■ **MATERIAL FOR THE TASK**
┌──
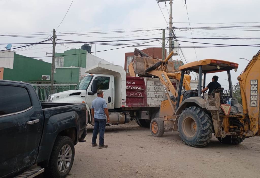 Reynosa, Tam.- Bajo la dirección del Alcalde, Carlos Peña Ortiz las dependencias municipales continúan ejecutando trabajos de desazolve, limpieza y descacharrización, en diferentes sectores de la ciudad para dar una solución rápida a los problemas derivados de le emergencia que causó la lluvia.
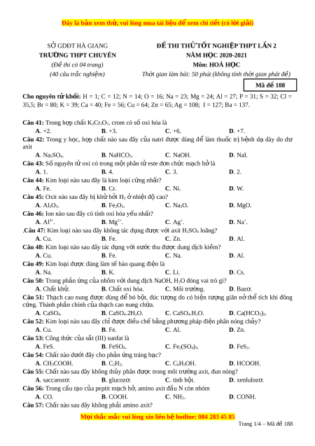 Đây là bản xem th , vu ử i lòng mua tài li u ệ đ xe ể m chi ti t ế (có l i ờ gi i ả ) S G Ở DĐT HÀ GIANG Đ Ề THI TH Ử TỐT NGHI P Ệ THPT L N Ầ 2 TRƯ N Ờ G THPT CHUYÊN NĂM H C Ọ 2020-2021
└──
┌──
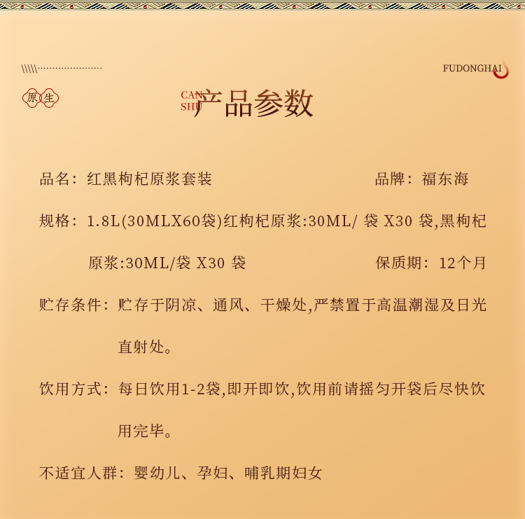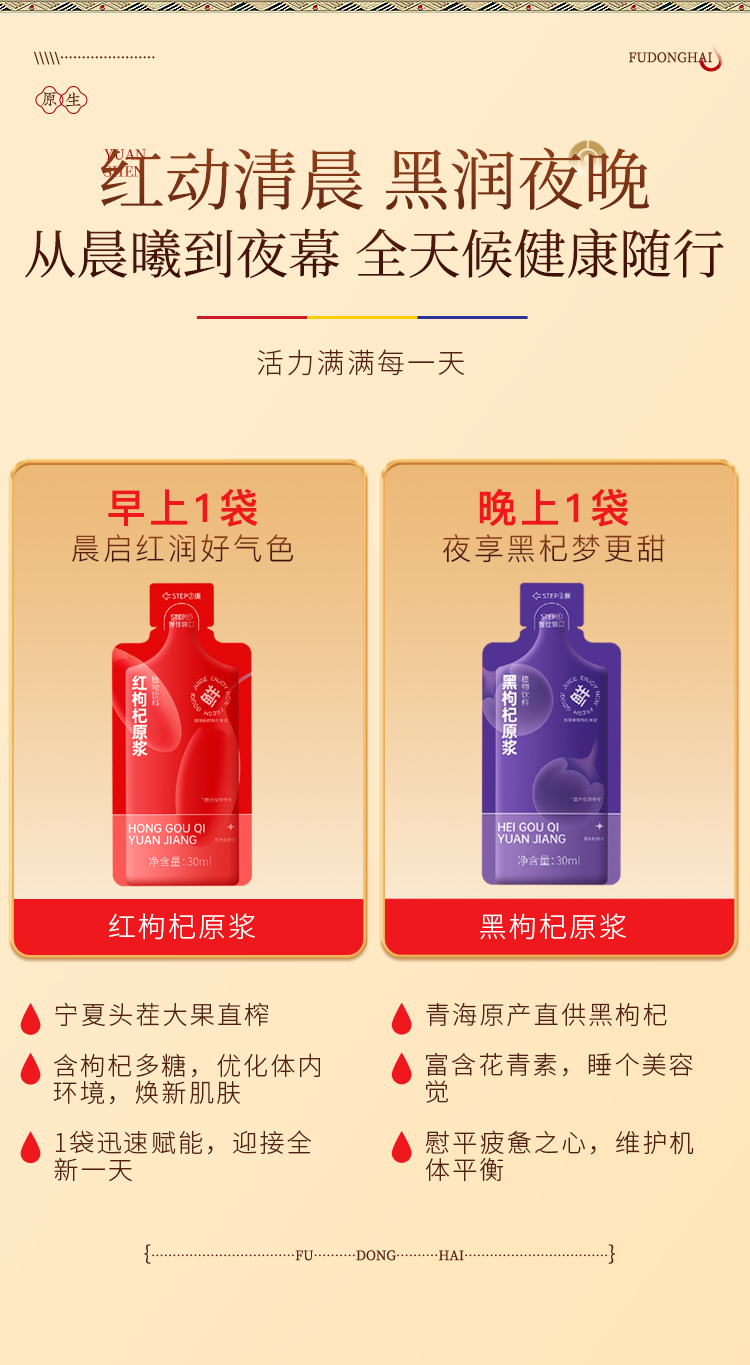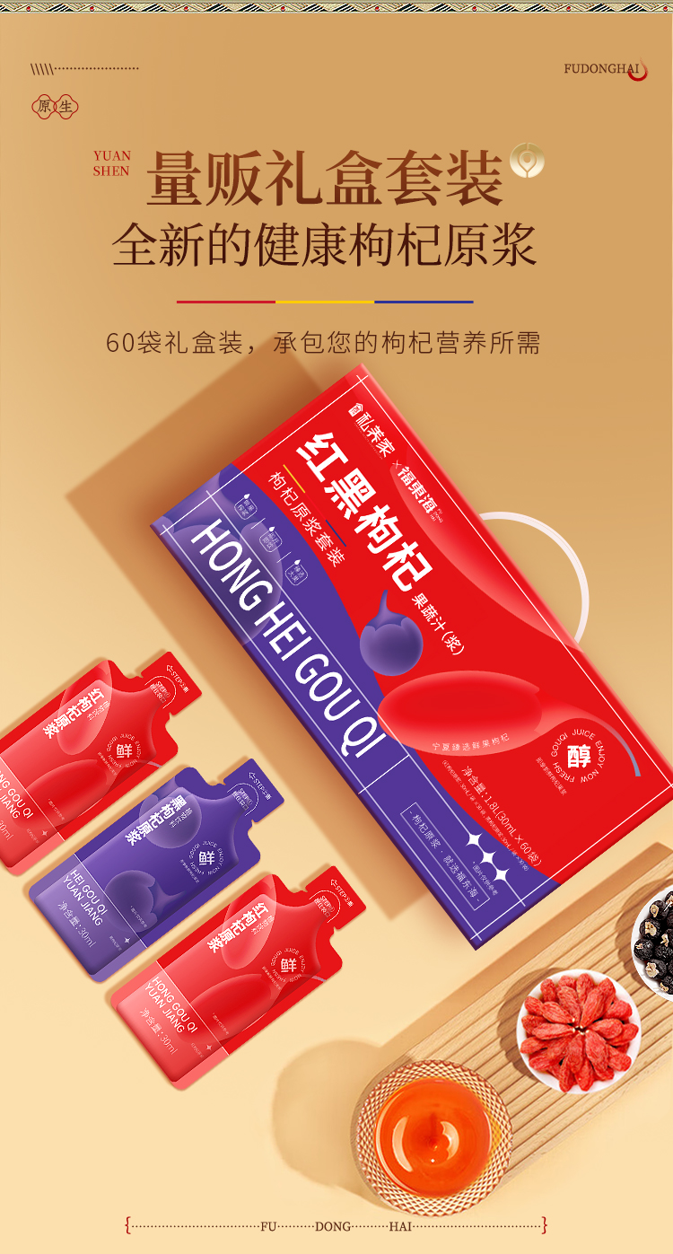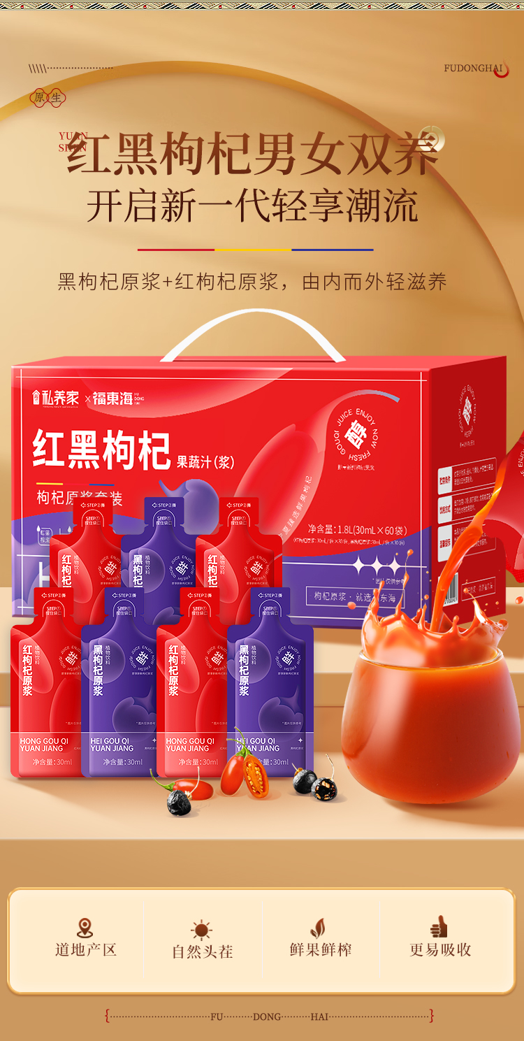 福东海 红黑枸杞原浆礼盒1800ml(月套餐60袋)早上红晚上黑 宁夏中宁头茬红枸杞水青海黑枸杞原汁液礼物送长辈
└──
■ **YOUR TASK**
An exact transcription is needed of the lines from the one with "Reynosa, Tam.- Bajo" to the one with "Đây là bản xem" above, both ends included, with pictures left out.

■ **WORKED SOLUTION**
 Reynosa, Tam.- Bajo la dirección del Alcalde, Carlos Peña Ortiz las dependencias municipales continúan ejecutando trabajos de desazolve, limpieza y descacharrización, en diferentes sectores de la ciudad para dar una solución rápida a los problemas derivados de le emergencia que causó la lluvia.
 Đây là bản xem th , vu ử i lòng mua tài li u ệ đ xe ể m chi ti t ế (có l i ờ gi i ả ) S G Ở DĐT HÀ GIANG Đ Ề THI TH Ử TỐT NGHI P Ệ THPT L N Ầ 2 TRƯ N Ờ G THPT CHUYÊN NĂM H C Ọ 2020-2021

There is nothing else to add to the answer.